→ **WORK INSTRUCTIONS**:
Return each entry word for word. Leave the images out.

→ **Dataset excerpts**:

_ _ _ _

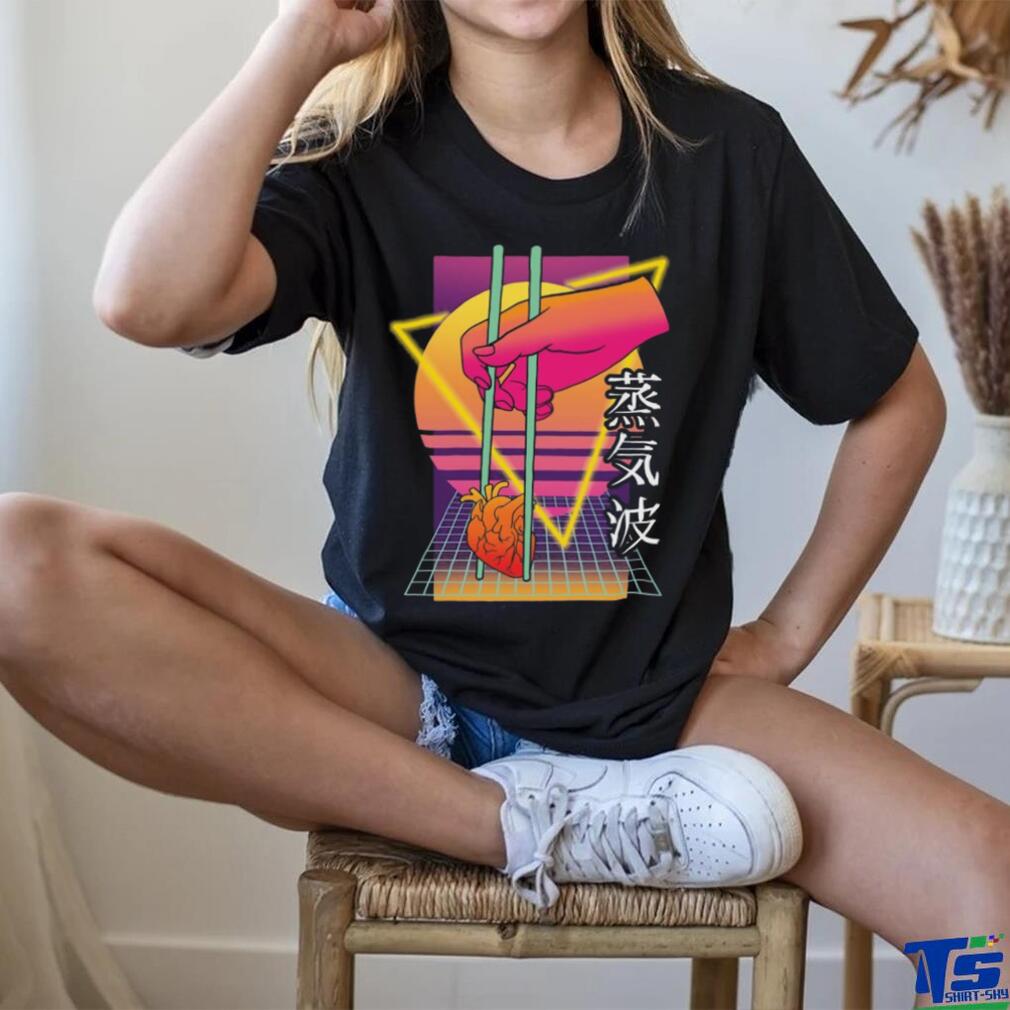 ()Chopsticks Neon Heart Retro Japan Artwork Cherry Blossom Kanji Art T Shirt, Hoodie, Sweater, Vneck, Unisex and T-shirt
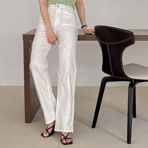 [에이치플러스몰]여자 흰색 청바지 부츠컷 흰청바지 봄패션 데님팬츠
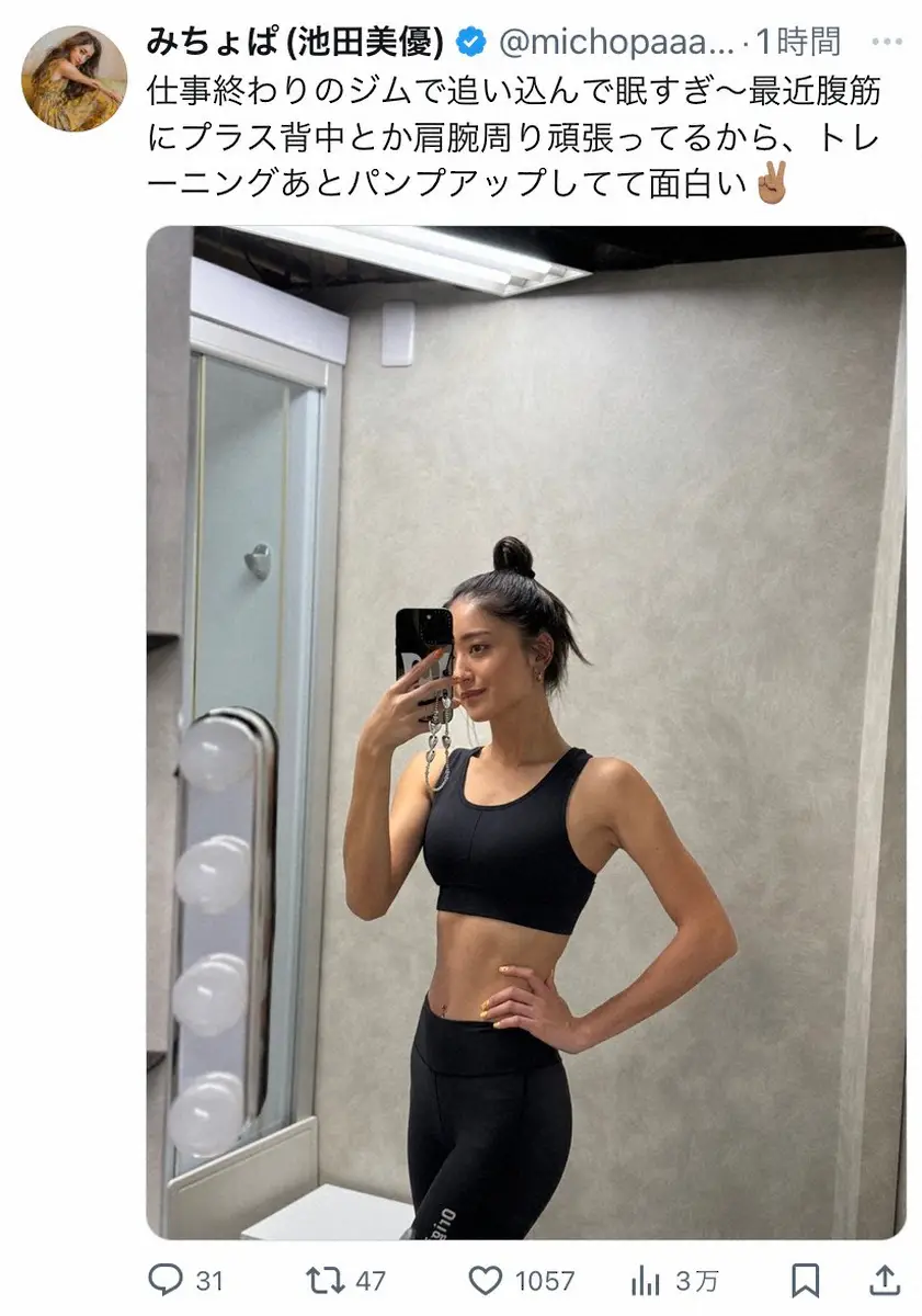 タレントの“みちょぱ”こと池田美優(25)が30日、自身のX(旧ツイッター)を更新。仕事後にトレーニングを行い、パンプアップした姿を披露した。
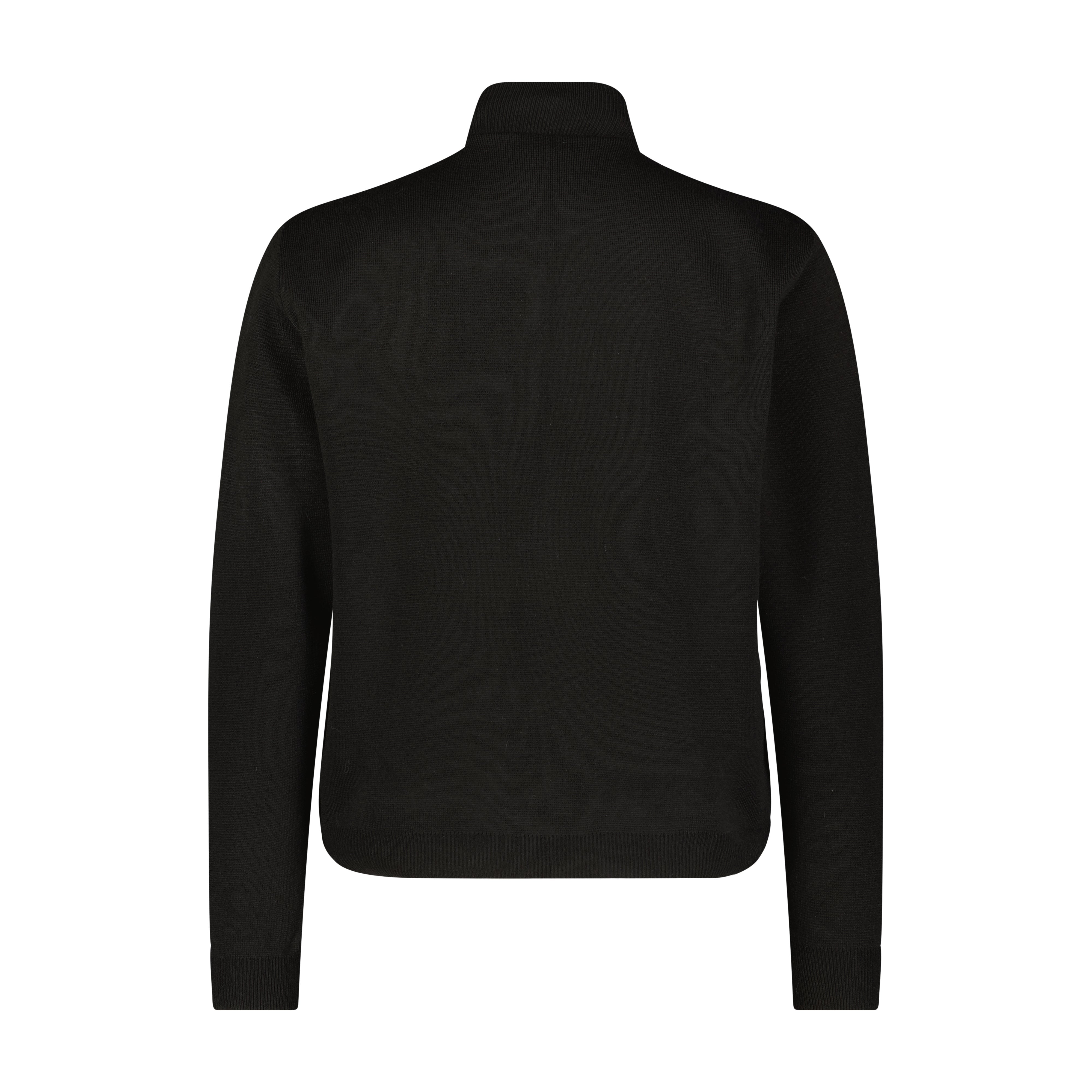 Channel quilted reversible puff rain jacket with knit sleeves in black.
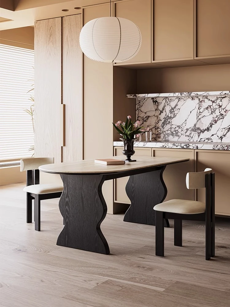オーシャンジェ2024年新作 フランス風ヴィンテージ実木ロックプレートダイニングテーブル&チェアセット デザイナーのクリエイティブアートダイニングテーブル
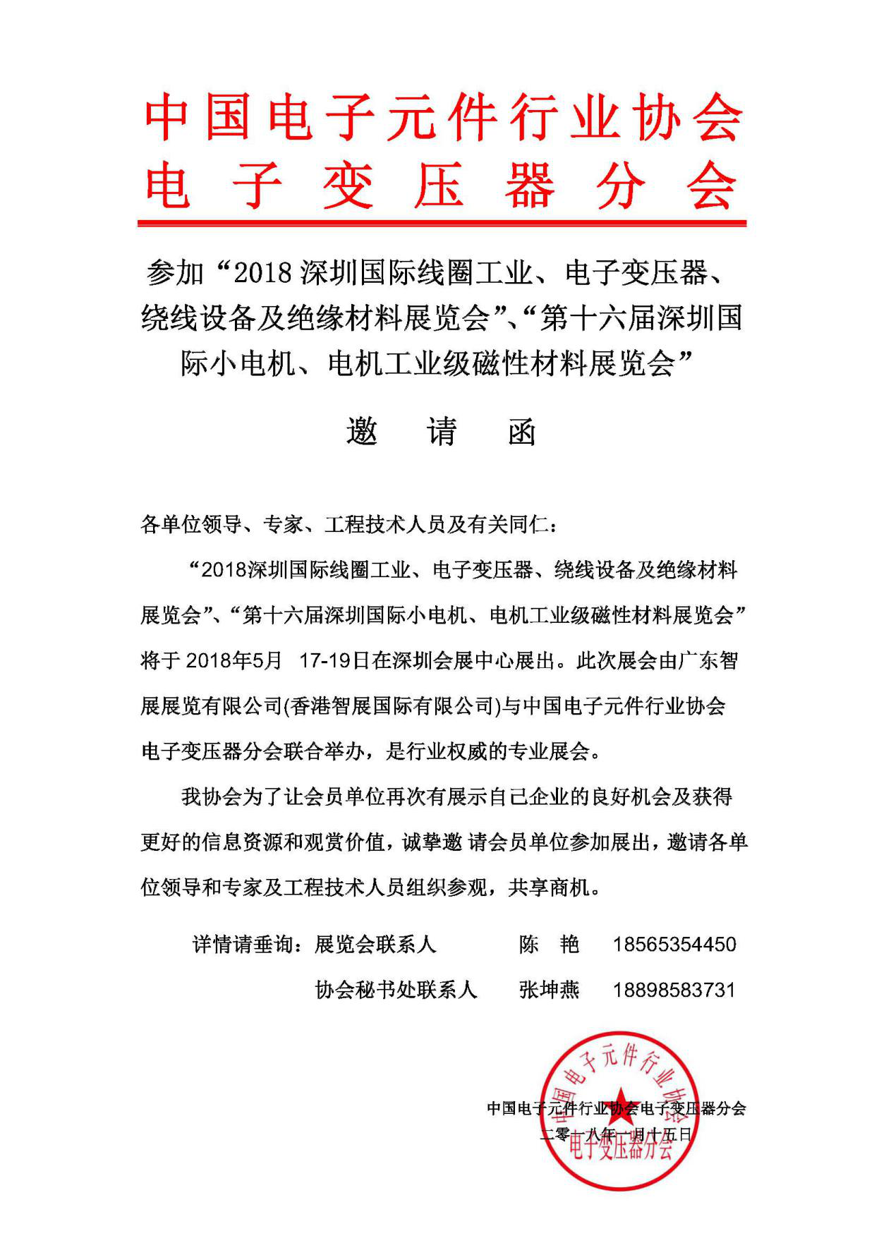 為進一步整合行業資源,提升展會質量,更好地為行業服務,中電元協電子變壓器分會將作為本屆展會的主辦單位全麵參與2018深圳國際線圈工業、繞線設備及電子變壓器展覽會。雙方將在資源整合、數據共享、展會招商、宣傳推廣、同期會議等領域開展深度合作,預將深圳國際電子變壓器展打造成全國最大最專業的行業展會。

_ _ _ _

→ **WRITTEN ANSWER**:
 ()Chopsticks Neon Heart Retro Japan Artwork Cherry Blossom Kanji Art T Shirt, Hoodie, Sweater, Vneck, Unisex and T-shirt
 [에이치플러스몰]여자 흰색 청바지 부츠컷 흰청바지 봄패션 데님팬츠
 タレントの“みちょぱ”こと池田美優(25)が30日、自身のX(旧ツイッター)を更新。仕事後にトレーニングを行い、パンプアップした姿を披露した。
 Channel quilted reversible puff rain jacket with knit sleeves in black.
オーシャンジェ2024年新作 フランス風ヴィンテージ実木ロックプレートダイニングテーブル&チェアセット デザイナーのクリエイティブアートダイニングテーブル
 為進一步整合行業資源,提升展會質量,更好地為行業服務,中電元協電子變壓器分會將作為本屆展會的主辦單位全麵參與2018深圳國際線圈工業、繞線設備及電子變壓器展覽會。雙方將在資源整合、數據共享、展會招商、宣傳推廣、同期會議等領域開展深度合作,預將深圳國際電子變壓器展打造成全國最大最專業的行業展會。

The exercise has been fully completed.